The present invention is related to digital processing techniques and, more particularly, to techniques for vector convolution.
A vector processor implements an instruction set containing instructions that operate on vectors (i.e., one-dimensional arrays of data). Scalar digital signal processors (DSPs), on the other hand, have instructions that operate on single data items. Vector processors offer improved performance on certain workloads.

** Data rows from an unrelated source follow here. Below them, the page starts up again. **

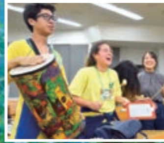
諸外国の伝統的楽器を用いた演奏交流会

子どもたちにとって、「良い」影響を与えられるような企画・活動を実施することで、子どもたちの視野を広げていくことを目的とするプロジェクトです。昨年は大学内でブラジルのお祭り「フェスタジュニーナ」や「イースター」などの企画を実施し、子どもたちと一緒に楽しみました。今年は大規模な交流キャンプイベント「マルチカルチャーキャンプ」を予定しています。子どもが好きな方、英語や外国に興味のある方、そうでない方も、みなさんぜひご参加ください。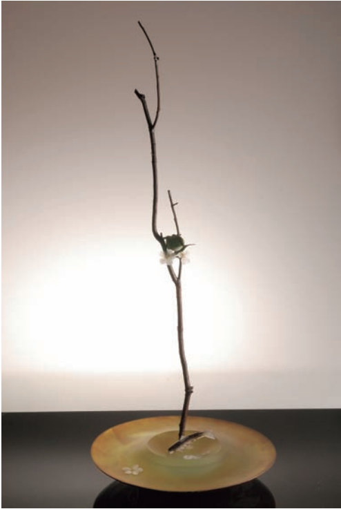
From East To West "Scene of Japan" # 95 サイズ H:980×W:400×D:405 (mm) 制作年:2012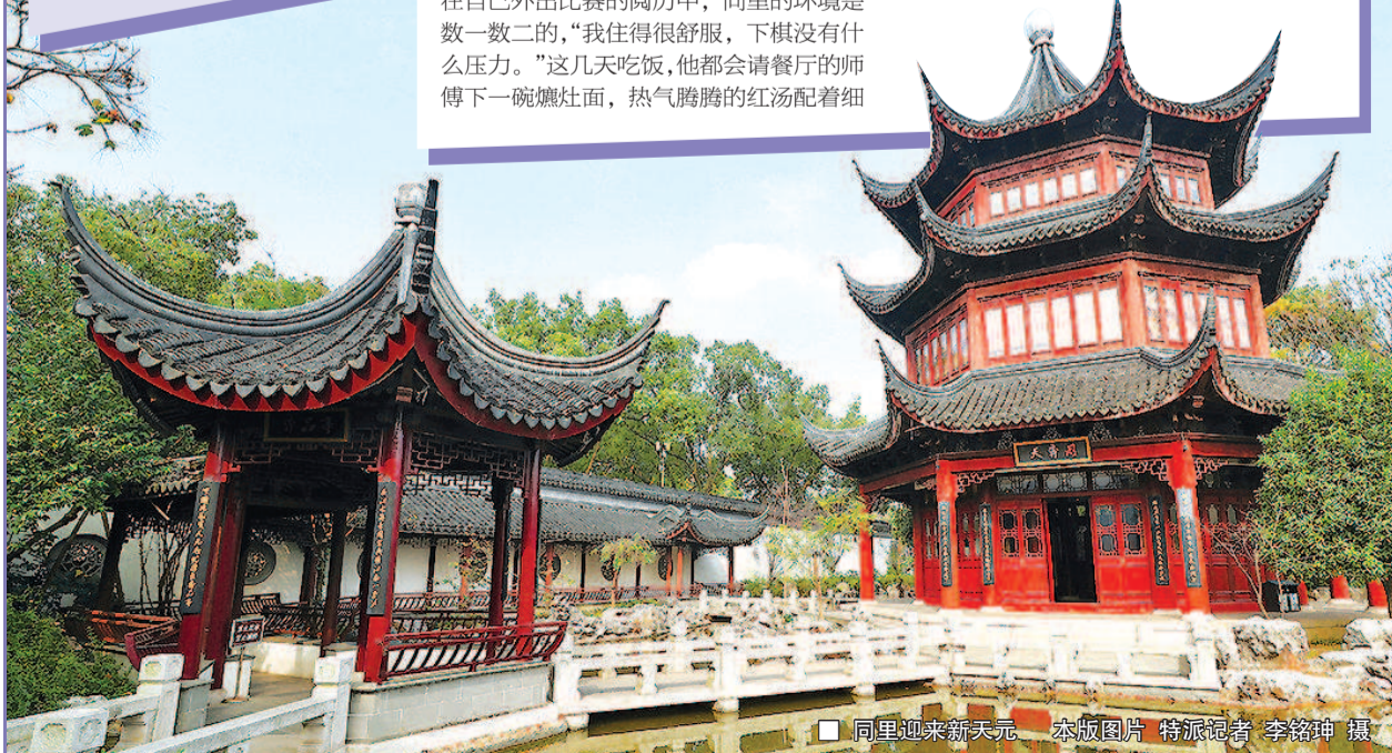
同里迎来新天元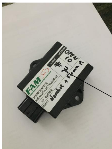
(1*) PRECINTADO CENTRALITA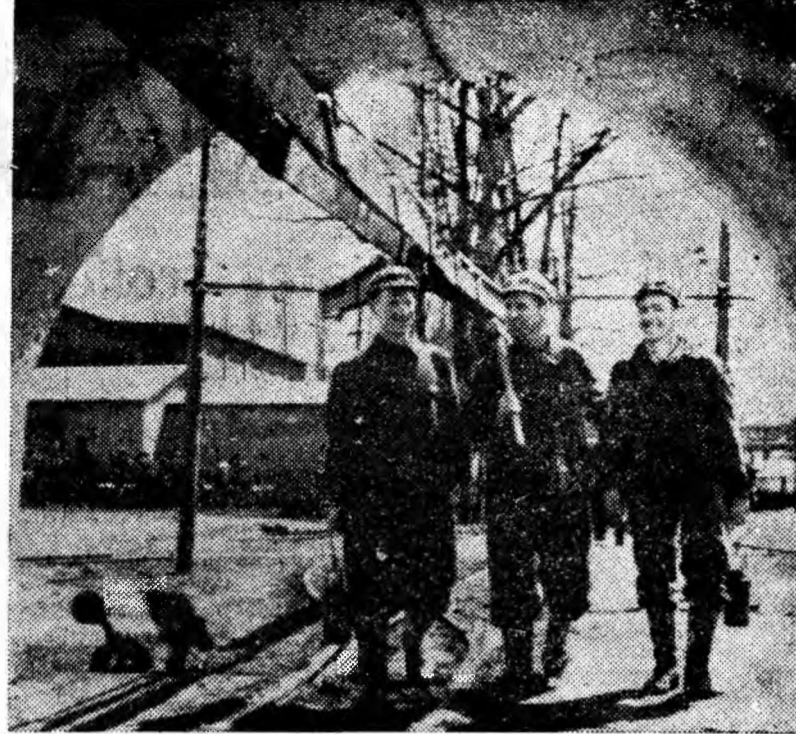
La intrarea în șut.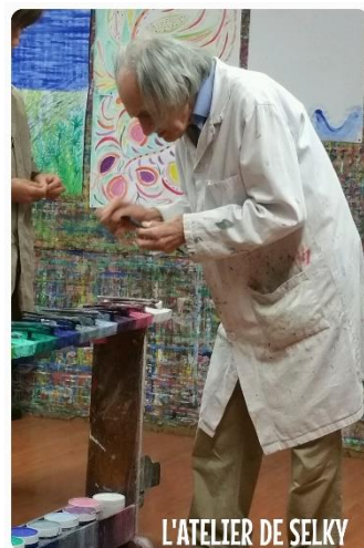
L'ATELIER DE SELKY

Digital processors, such as DSPs and vector processors, often incorporate specialized hardware to perform software operations that are required for math-intensive processing applications, such as addition, multiplication, multiply-accumulate (MAC), and shift-accumulate. A Multiply-Accumulate architecture, for example, recognizes that many common data processing operations involve multiplying two numbers together, adding the resulting value to another value and then accumulating the result. Such basic operations can be efficiently carried out utilizing specialized high-speed multipliers and accumulators.
Existing DSPs and vector processors, however, do not provide specialized instructions to support vector convolution of an input signal by a filter having an impulse response. Increasingly, however, there is a need for vector convolution operations in processors. In the FIR filter domain, for example, convolution processes an input waveform signal and the impulse response of the filter as a function of an applied time lag (delay). A convolution processor typically receives and processes a time shifted input signal and the impulse response of the filter and produces one output value for each time shifted version (each time lag). Such convolution computation can be extensively utilized, for example, in FIR filter applications. For an input sequence length of L and a number of time lags W, the required computation complexity is O(L*W). Because of the large number of calculations required, it is therefore highly desirable to accelerate convolution computation in many applications.
A need therefore exists for digital processors, such as vector processors, having an instruction set that supports a vector convolution function.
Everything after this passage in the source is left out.